Friday, November 9, 2007

Iranian Nuke Program Further Developed, New Approach Necessary

The war of words between President Bush and Iranian President Ahmadinejad continues to intensify. As Bush reaffirmed his warning on Wednesday that a nuclear-armed Iran might lead to WWIII, Ahmadinejad announced that Iran reached its target of 3,000 fully-functioning centrifuges at the Natanz nuclear facility. Although no independent authority has verified these claims, Ahmadinejad’s announcement goes beyond previous statements by indicating that the centrifuges are now up and running.

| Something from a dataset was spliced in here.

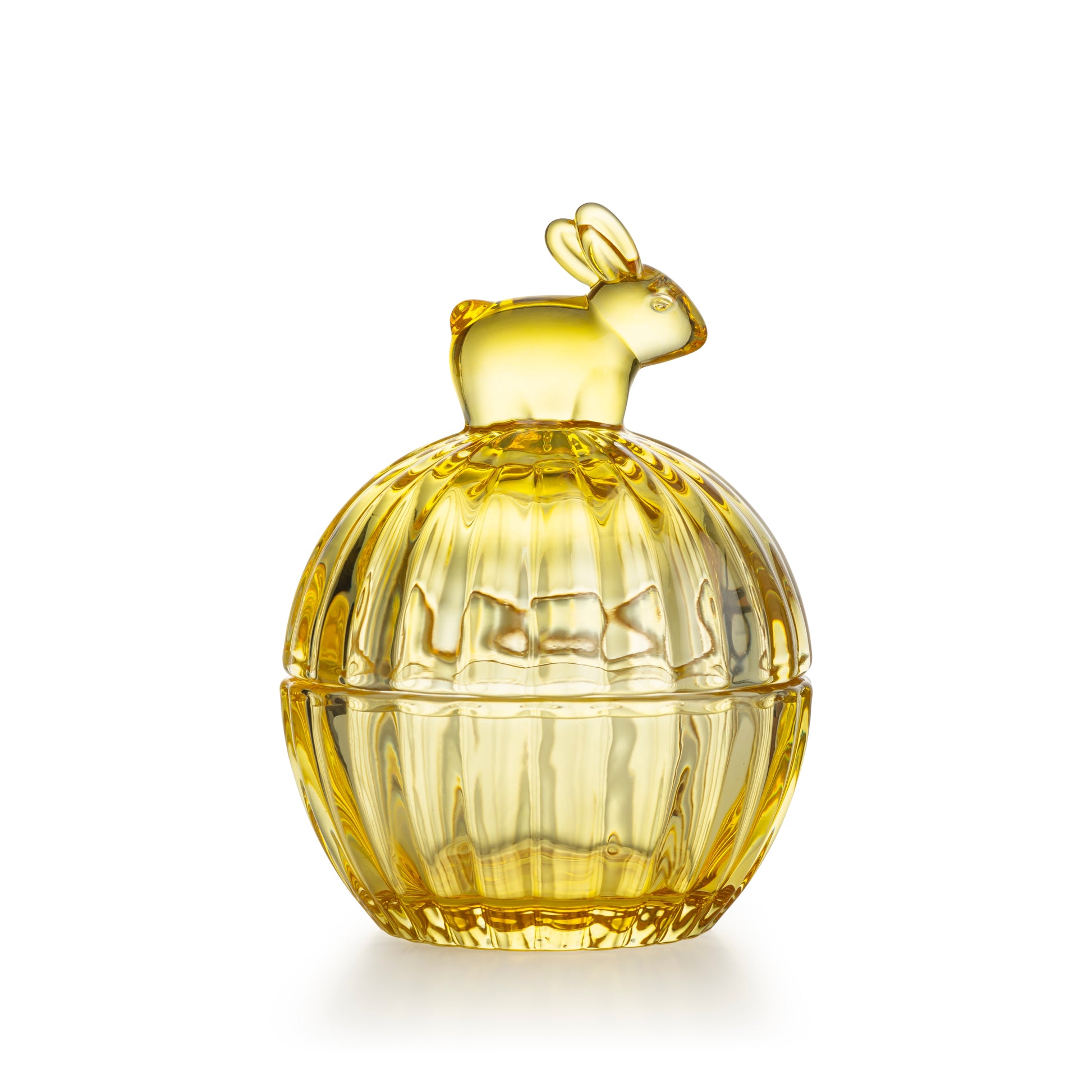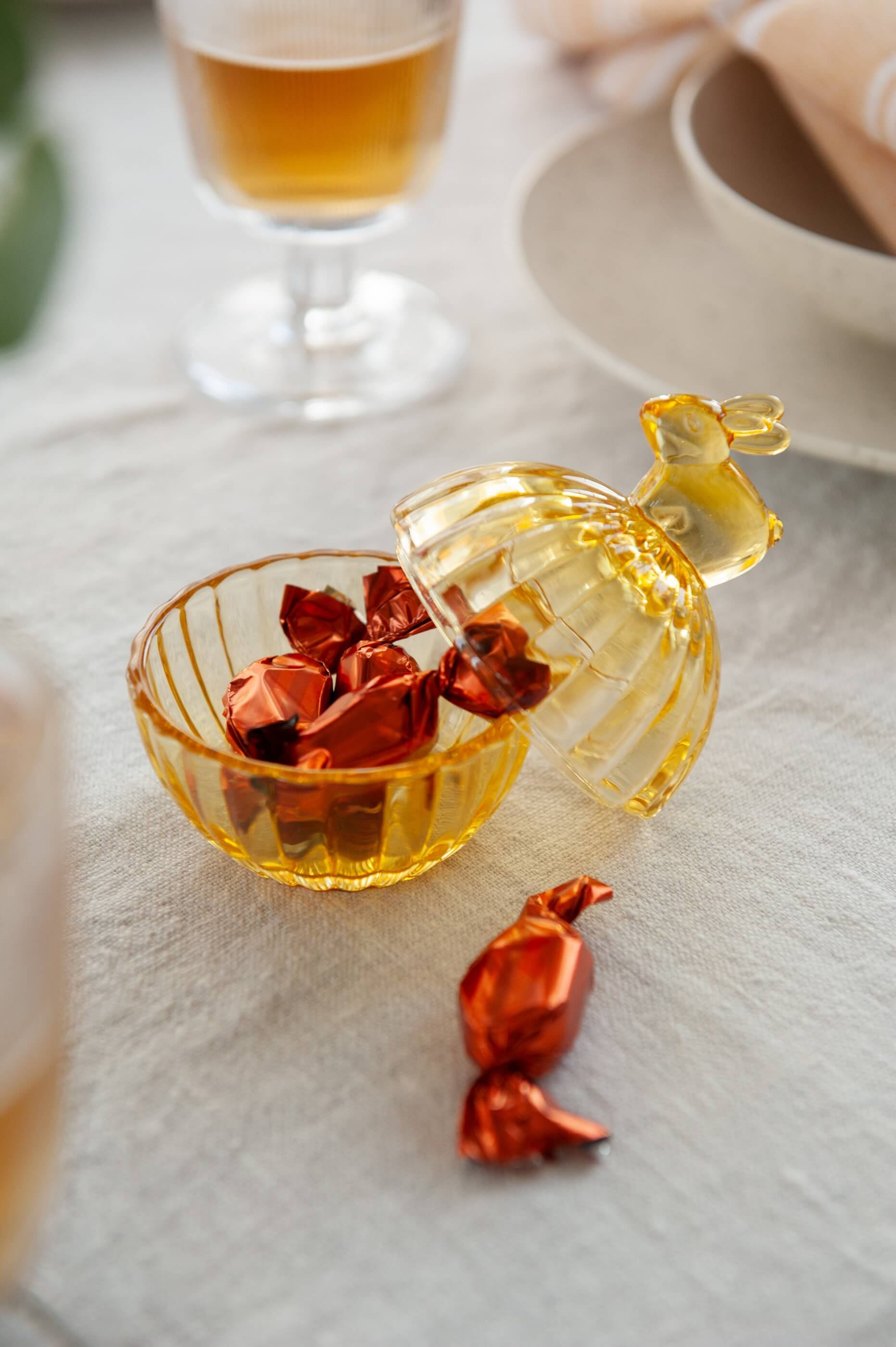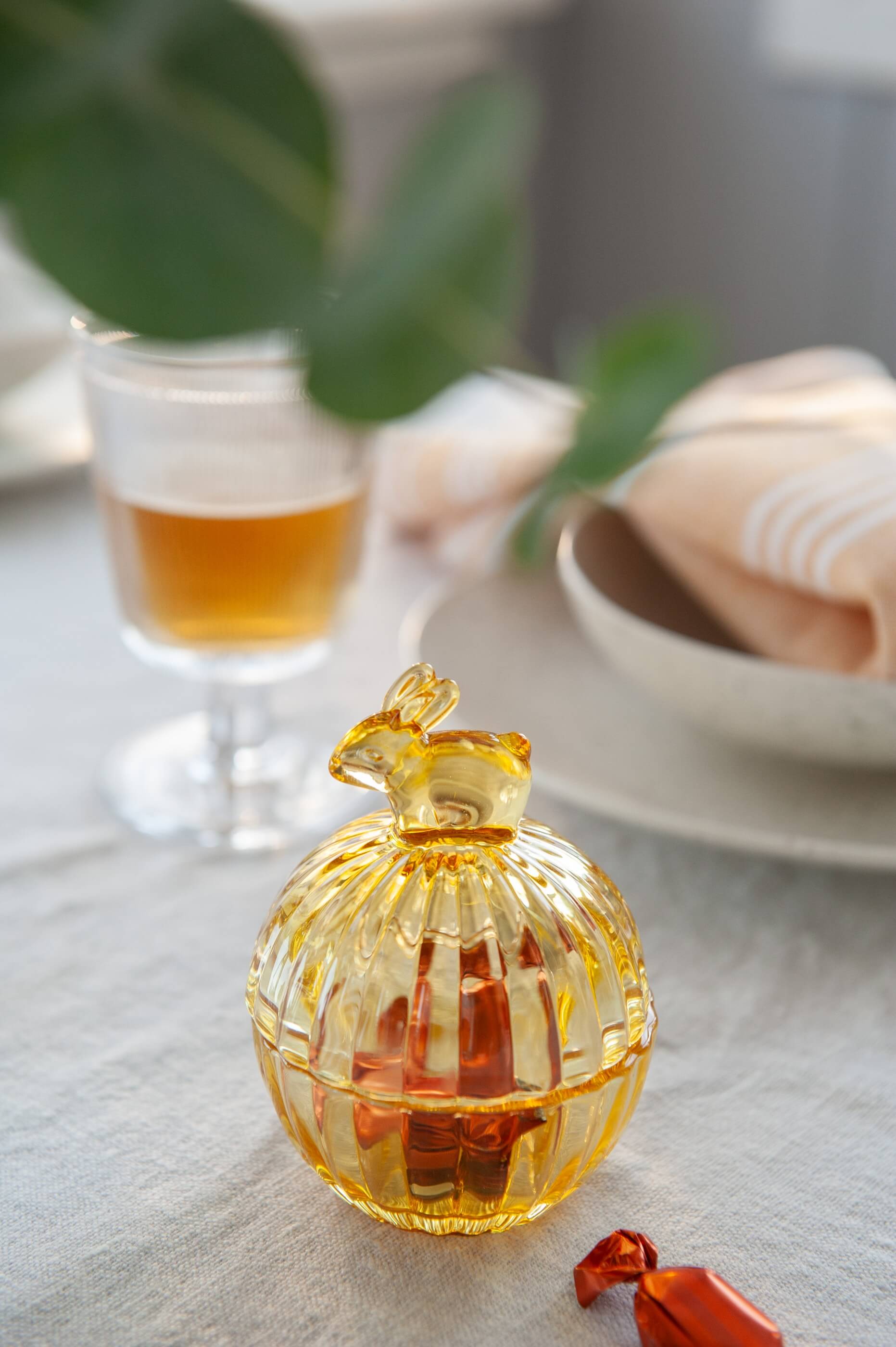 A charming glass bowl with lid, featuring a hare detail. The clear yellow glass adds brightness and warmth to Easter décor.

Centrifuges produce uranium gas, which can either be developed into fuel for a nuclear reactor or – at higher levels of enrichment – fuel for a nuclear bomb. AP notes that "the number 3,000 is the commonly accepted figure for a nuclear enrichment program that is past the experimental stage and can be used as a platform for a full industrial-scale program that could churn out enough enriched material for dozens of nuclear weapons, should Iran chose to go the route." According to AFP, "this number is a key milestone because scientists say that in ideal conditions it is sufficient to produce enough enriched uranium in one year to make a single nuclear bomb."

Iran's continued development of its uranium enrichment program is in clear defiance of unilateral and multilateral efforts by the U.S. and the international community to curb the development of its nuclear program. Even assuming the truthfulness of Ahmadinejad's claims, his public statements about his country’s nuclear program are aggressive at a minimum.

But examining this issue from beyond the somewhat limited perspective we are offered by the Bush administration or the mainstream media, it is not far-fetched to argue that Ahmadinejad's rhetoric and actions may be as much of a response as they are a catalyst in the international controversy regarding the country’s nuclear program.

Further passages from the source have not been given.